** Opening Stored data block **
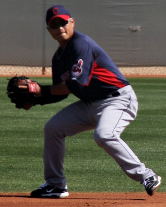 Hu in 2012
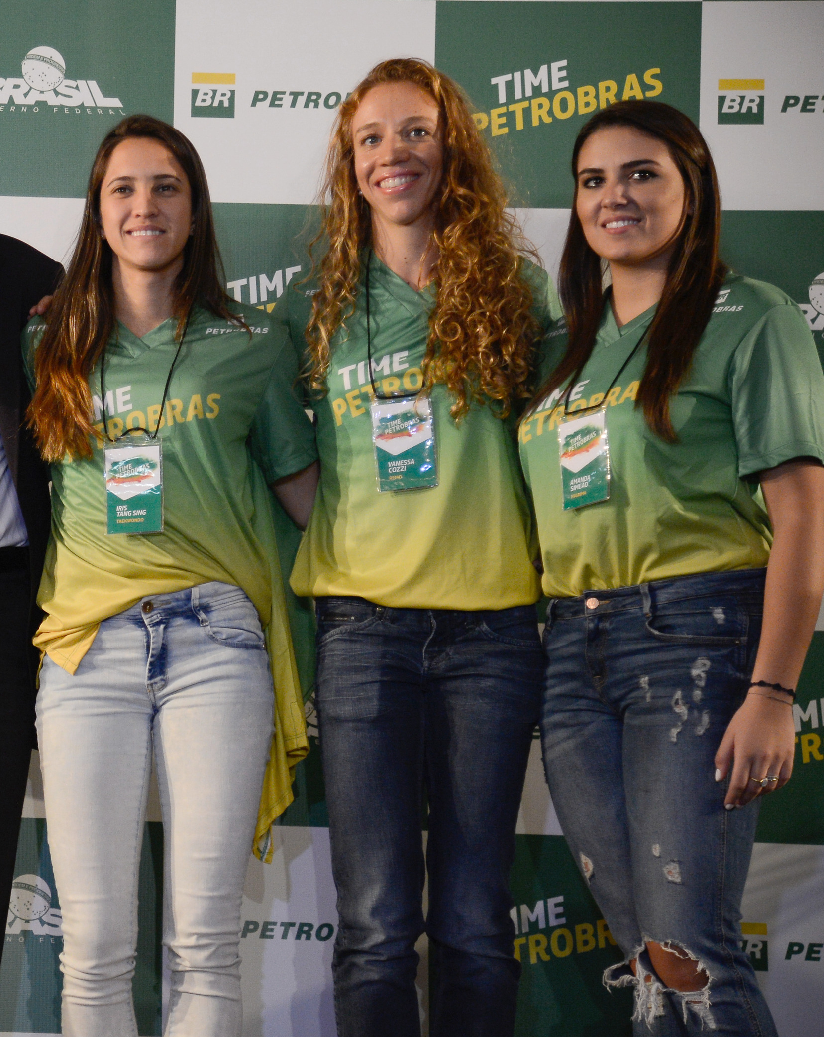 Iris Sing, Vanessa Cozzi, Amanda Simeao 2016 - Rio de Janeiro
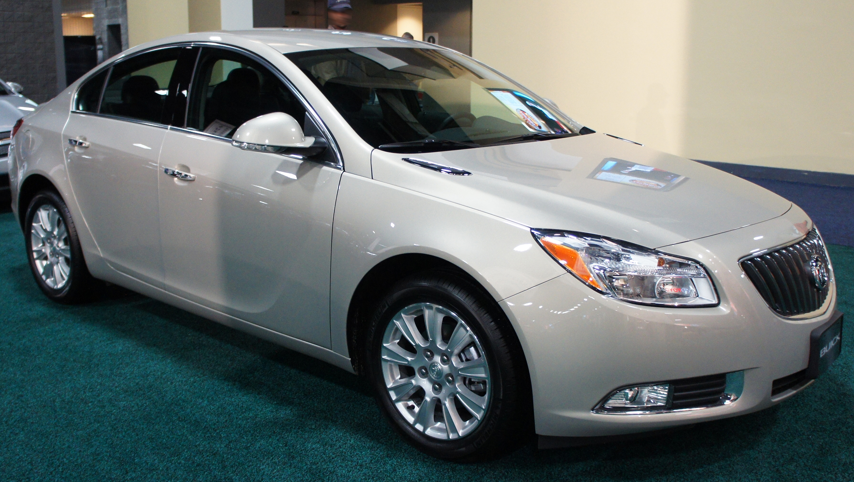 2012 Buick Regal eAssist mild hybrid exhibited at the 2012 Washington Auto Show (D.C.)
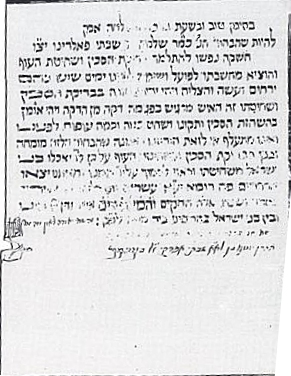 A slaughterer certificate from 1811 in Rome. The Rabbies say the man butchered several chickens and did not faint.
** Closing Stored data block **
§ Brief:
The copy should hold exactly the lines from the line containing "2012 Buick Regal" through the end of the data, both ends included, and no pictures.

§ Finished exercise:
 2012 Buick Regal eAssist mild hybrid exhibited at the 2012 Washington Auto Show (D.C.)
 A slaughterer certificate from 1811 in Rome. The Rabbies say the man butchered several chickens and did not faint.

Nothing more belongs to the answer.